一般社団法人の社員の資格は、社員の資格を得るために必要な条件や手続、社員を抜けるための条件や手続、また社員の資格を喪失するなどを定めます。

社員になる、社員でなくなることなどを総称して、「社員の資格の得喪」と言います。また、法人運営に係る経費負担などの社員の義務を定款で規定することもできます。尚、社員になれる条件に関する事項は、必ず定款に明記しなければなりません。

3 一般社団法人の社員と理事はどちらが偉いのか

一般社団法人の「社員」と「理事」は、どちらが偉いのかと悩まれる方が多くいます。まずは、そもそもの一般社団法人設立に関する定款の作成について考えてみると、わかりやすいと思います。

さて、一般社団法人を設立するには、社員という立場の人と理事という立場の人が必要になります。社会的に社員と言えば、会社員のイメージを持たれますが、一般社団法人の社員といった場合には、法人のオーナーに当たります。社団法人の構成員という意味での社員になります。

3-1 一般社団法人の社員の役割

一般社団法人の社員は、株式会社で言うところの株主にあたる人たちです。

一般社団法人では、出資という概念がありませんので、オーナーになるための条件として、必ずしもお金を出すことは求められません。

そのために、オーナーになったという自覚が芽生えにくいかもしれないのですが、出資していなくても社員であれば、その一般社団法人のオーナーになるわけです。

社員は、一般社団法人の最高意思決定機関である社員総会で、議決権を持ちます。
事業年度が終了後に開催される定時総会では、事業報告を受けたり、決算書の承認をしたり、役員を選出します。つまり、社員はとても重要な役割を担っています。

3-2 一般社団法人の理事の役割

理事は、社員総会で社員によって選ばれ、一般社団法人から委任されて、法人の運営を任された人です。株式会社で言うならば「取締役」に相当する人で、つまり、役員です。

そして、理事の中から代表理事(理事長)を選び、法人の代表者として定めておきます。理事は、理事会の構成員となります。

3-3 一般社団法人設立には社員2名、理事1名必要

一般社団法人を設立するには、オーナーの社員が最低2名必要になります。そしてこの2名以上の社員が、発起人になります。

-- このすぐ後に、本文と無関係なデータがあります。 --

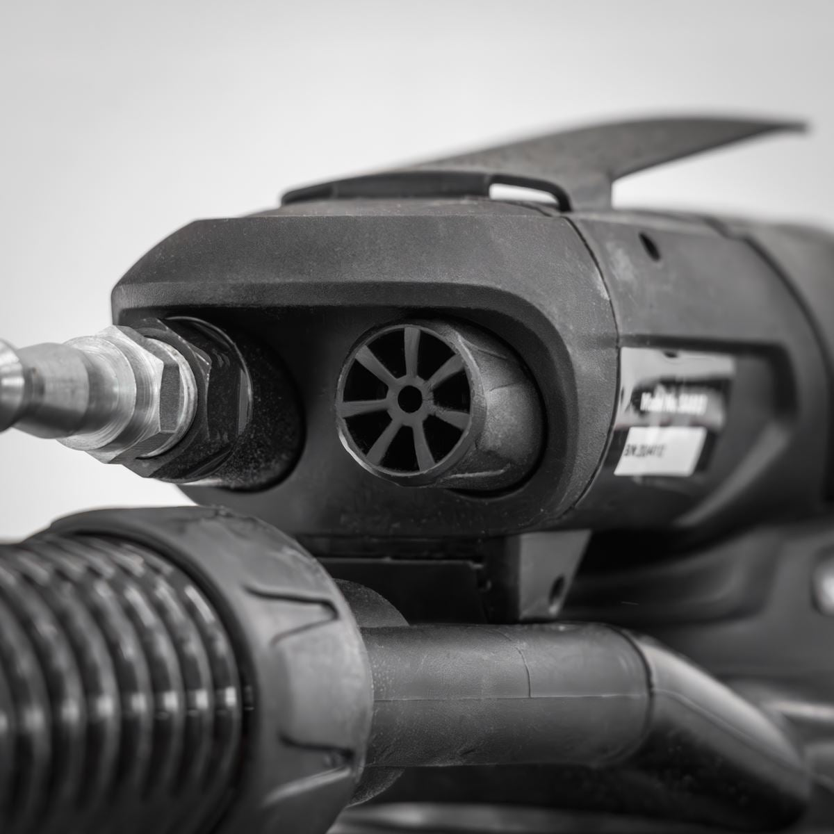 This air sander is well-suited for a wide range of applications including grinding, polishing, and the removal of rust and paint from car bodies, furniture, metalwork, and various components. User-friendly lightweight design and ergonomic structure for comfort and ease of handling. Polycarbonate outer housing with soft rubber handgrip reduces chill and vibration. Features adjustable air regulator for additional control. Exhaust muffler to reduce noise emission. Dust-free outlet for use with centralised dust extraction systems. Supplied with 150mm hook-and-loop dust-free pad. Features a self-generated vacuum with hose and bag.
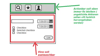 Meine Idee war, durch das anklicken der unterschiedlichen Icons in der Action Bar zwischen unterschiedlichen Views zu switchen.
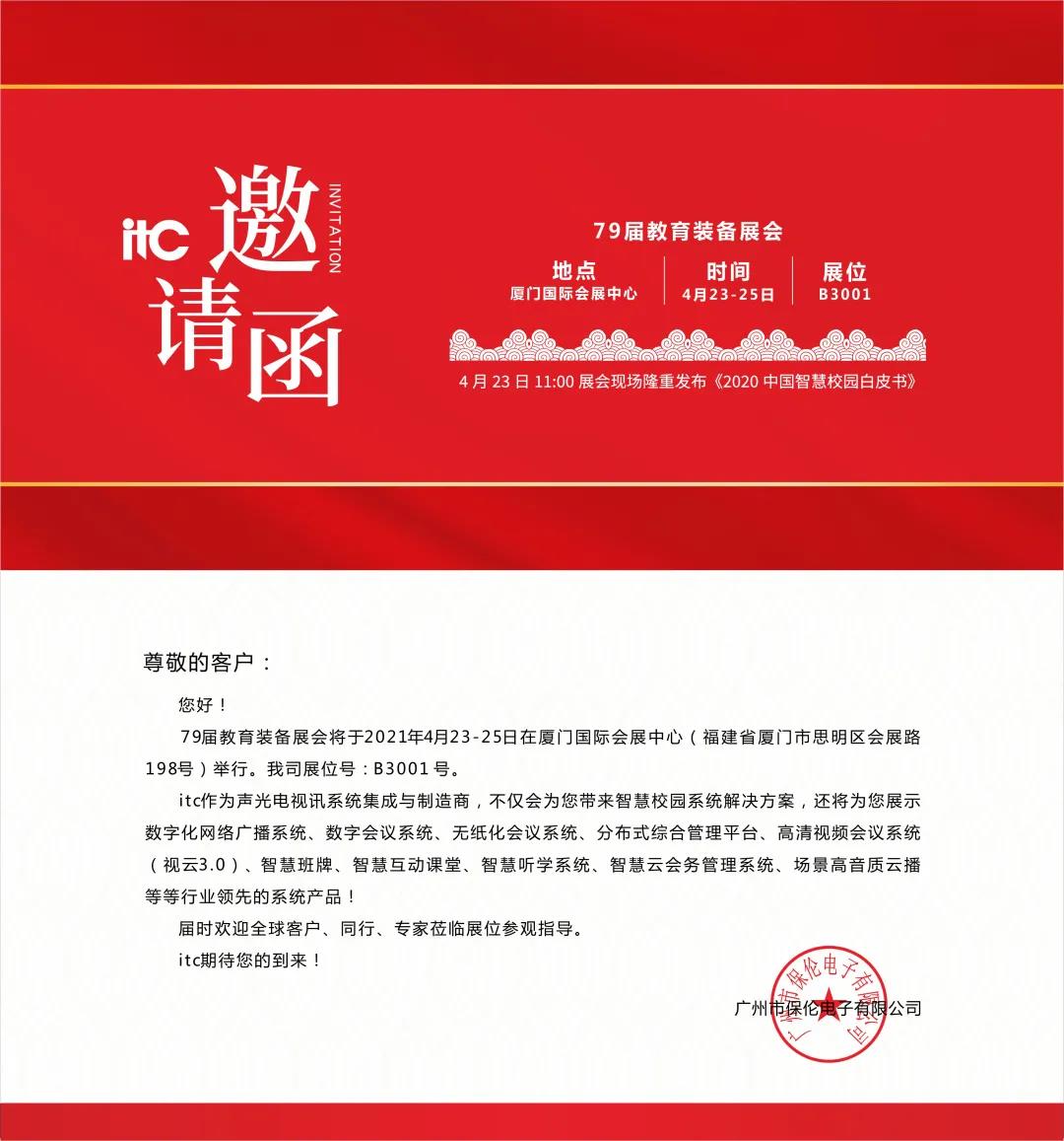 itc正在筹备的厦门教育技术装备展览会即将盛大开幕,将要展出云广播、云视讯、高清录播、校园空间展示平台、IOT教研工具包等产品及解决方案,为广大客户提供智慧教育整体解决方案,助力教育信息化建设,4月23日—25日,厦门国际会展中心B3001号,不见不散。

設立時の理事が発起人だと勘違いしそうですが、あくまでも設立時社員が発起人です。

理事は、原則1名以上必要です。理事会を設置した場合には、理事3名以上と監事1名以上が必要になります。

3-4 社員が理事を決める

社員が集まって行われる社員総会で選ばれるのが理事です。理事を選ぶ権利を持っているのが、社員です。従って、掲題の偉い方(立場の高い方)は、社員になります。

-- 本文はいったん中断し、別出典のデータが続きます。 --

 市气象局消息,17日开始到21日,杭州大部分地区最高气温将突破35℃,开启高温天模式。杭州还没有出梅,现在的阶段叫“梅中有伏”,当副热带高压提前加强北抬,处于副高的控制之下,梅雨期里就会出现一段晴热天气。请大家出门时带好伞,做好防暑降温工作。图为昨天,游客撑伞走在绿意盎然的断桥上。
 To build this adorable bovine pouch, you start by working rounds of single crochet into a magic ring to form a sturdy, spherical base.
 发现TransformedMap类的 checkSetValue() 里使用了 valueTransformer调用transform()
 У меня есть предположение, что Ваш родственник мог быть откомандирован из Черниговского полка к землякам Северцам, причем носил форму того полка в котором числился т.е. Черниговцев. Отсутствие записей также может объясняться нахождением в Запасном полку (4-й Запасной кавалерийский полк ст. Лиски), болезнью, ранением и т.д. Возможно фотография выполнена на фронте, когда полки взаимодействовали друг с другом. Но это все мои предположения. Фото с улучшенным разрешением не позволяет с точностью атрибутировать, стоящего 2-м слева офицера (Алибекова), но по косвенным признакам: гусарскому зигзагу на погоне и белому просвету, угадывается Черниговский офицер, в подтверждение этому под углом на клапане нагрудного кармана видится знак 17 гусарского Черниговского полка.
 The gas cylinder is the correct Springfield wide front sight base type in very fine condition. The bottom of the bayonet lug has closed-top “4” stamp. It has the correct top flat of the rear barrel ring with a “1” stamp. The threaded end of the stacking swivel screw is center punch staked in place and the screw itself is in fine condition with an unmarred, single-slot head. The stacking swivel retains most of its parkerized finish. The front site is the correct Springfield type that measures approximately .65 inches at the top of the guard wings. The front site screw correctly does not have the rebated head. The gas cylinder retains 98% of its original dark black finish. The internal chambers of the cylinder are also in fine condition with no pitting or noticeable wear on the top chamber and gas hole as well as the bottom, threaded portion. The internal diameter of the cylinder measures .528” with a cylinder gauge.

一般社団法人においての社員は、最高意思決定機関の議決権や理事の任命権などがあるオーナーです。つまり、一般社団法人の社員は、その法人で最も力のある人になります。

なにをもって”偉い”かは言及できませんが、社員によって選ばれた法人の運営を任された理事よりも、選ぶ社員の方が立場が上になります。

3-5 社員は報酬を受け取れない

一般社団法人の社員は、金銭的メリットがあるからなるものではありません。社会や世の中のために何かしたいことがあってなるものです。理事は、役員報酬をもらうことは問題ありません。

社員が理事になって報酬を受け取ることは構いません。

4 まとめ

「会社は誰の持ち物ですか?」という問いに、「社長のもの」と答える人が多くいます。

しかし、オーナー社長でなければ、会社は、出資している「株主」のものになります。株主は「オーナー」と呼ばれます。資本主義社会においては、オーナーには権力があります。オーナーが出資することで、新しい組織が生まれ、拡大するからです。

つまり、そう言った組織は雇用を創出するため、社会に対する貢献度が高いとされるわけです。

一般社団法人では、そのオーナーに当たる社員は、同様に社会に貢献していく組織の議決権を持ち合わせているため、非常に偉い立場であると言えます。